THE viscount shifted his legs to a more comfortable position.

"It was lamentable that the concession was not approved, your Excellency," he said, bringing to the occasion the atmosphere of the council chamber. "I can not understand why the powers should imagine that a little lease for twenty years would imperil the sovereignty of your republic."

"Twenty years is a very long time," said Chen. "I think it was Machiavelli who said that a government may in safety surrender its revenues of millions, but is mined by the concession of a ducat's worth of principles.

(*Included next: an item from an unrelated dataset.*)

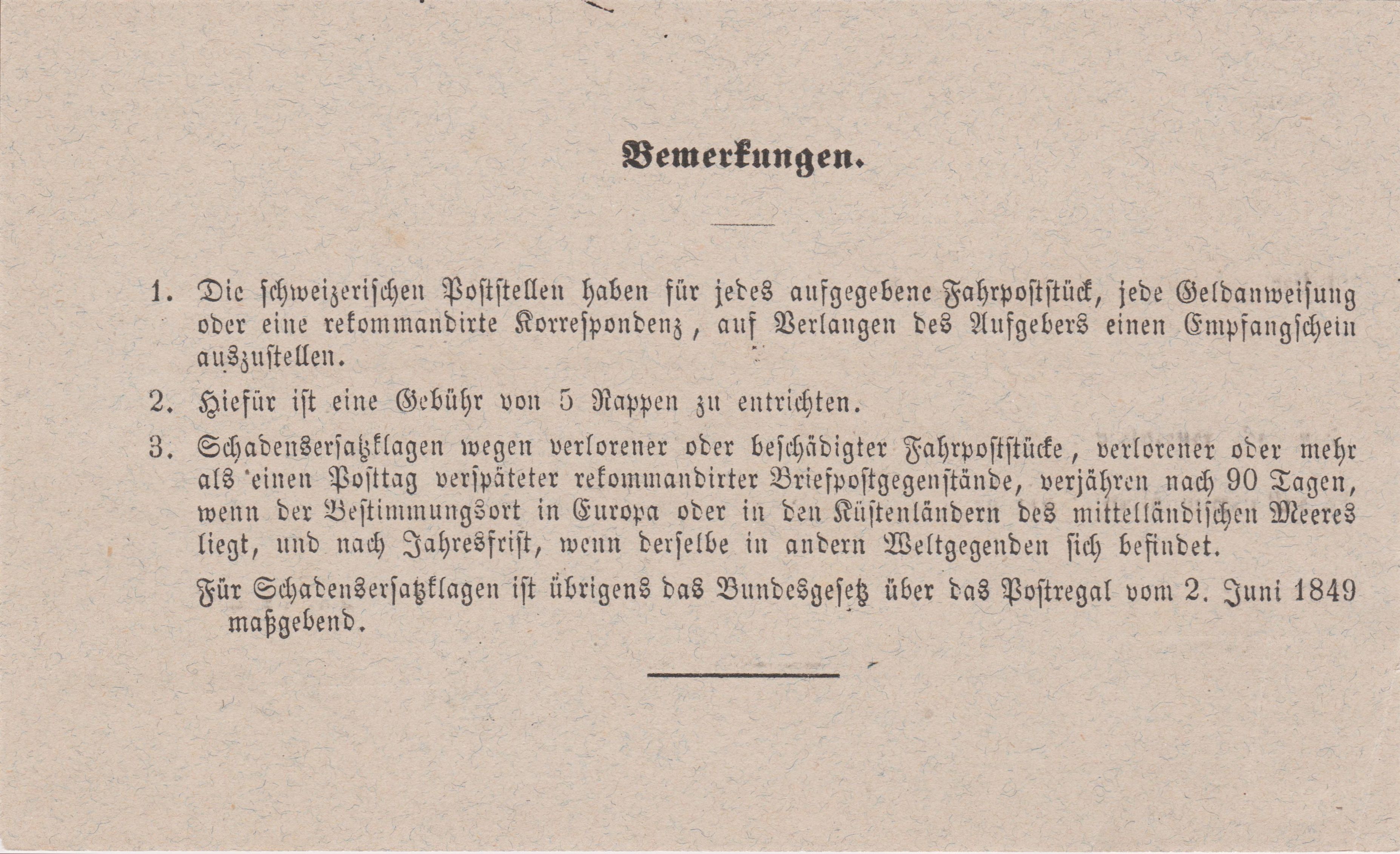 Hier ein Formular "Empfangschein" aus der Schweiz, am 03.10.1874 in "GRÜNINGEN" ausgestellt "für ein Mandat" = eine Postanweisung: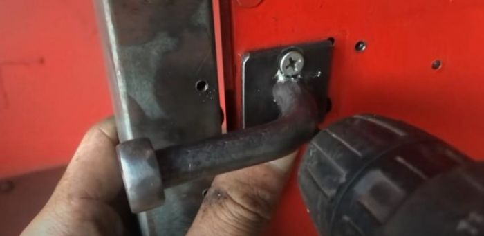 Сначала прикручиваем к двери пластину с приваренным к ней стержнем. Затем крепим самодельную защелку, предварительно выставив ее как нужно.

It is conceivable that the lease would have been fatal to the integrity of the adjoining province."

He rubbed the bowl of his pipe along the palm of his hand, patted down the ragged ends of the tobacco and smoked peacefully through the silence which followed.

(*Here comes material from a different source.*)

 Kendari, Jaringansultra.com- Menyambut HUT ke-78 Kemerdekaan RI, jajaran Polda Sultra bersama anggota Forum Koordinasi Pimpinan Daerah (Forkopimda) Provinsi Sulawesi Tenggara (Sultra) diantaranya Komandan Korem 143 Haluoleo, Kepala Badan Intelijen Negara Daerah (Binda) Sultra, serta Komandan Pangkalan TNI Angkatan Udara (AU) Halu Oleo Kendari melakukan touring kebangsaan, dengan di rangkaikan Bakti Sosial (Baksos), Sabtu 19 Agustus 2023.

"Perhaps your Excellency was considering your own position, if you had given way upon this point," said Viscount Kito gently. "It might not have been necessary to have returned to Peking with a story of failure, or, for the matter of that, with any story."

Chen did not reply for some time.

"The censure of my government was a possibility which did not distress me," he said simply; "but if I had failed I could not have faced my ancestors."

And Kito nodded.

"Is your family here?" he asked unnecessarily.

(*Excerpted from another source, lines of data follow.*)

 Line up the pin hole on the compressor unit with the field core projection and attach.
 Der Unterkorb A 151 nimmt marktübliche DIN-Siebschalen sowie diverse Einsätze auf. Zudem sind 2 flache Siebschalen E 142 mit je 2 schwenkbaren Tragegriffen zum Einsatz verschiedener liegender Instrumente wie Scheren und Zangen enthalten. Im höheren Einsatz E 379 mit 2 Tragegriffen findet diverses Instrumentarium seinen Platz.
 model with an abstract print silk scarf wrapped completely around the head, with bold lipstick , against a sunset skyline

"I have no family." Chen looked at the viscount for the first time.

"That is a terrible misfortune," said Kito gravely. "I should have thought with your Excellency's high position and honorable standing that your house would have been full."

Chen did not shift his gaze. The spirit of the little lady with the raven hair might have lifted a tremulous hand to her lips did she sit amidst the purple shadows of the pines watching the play.

"When the vine is burned there is no fruit," quoted Chen. "My very honorable lady wife has been amidst the flowers for many years."

Kito murmured his condolences. "My third wife is young and very lively," he said. "She is with my younger children in London and it is expected that she will bear her fourth child in a month if the gods favor me, though none of the women of her family have borne anything but girls. I am disturbed, however," he frowned, "greatly disturbed by certain dreams she has had and a succession of omens."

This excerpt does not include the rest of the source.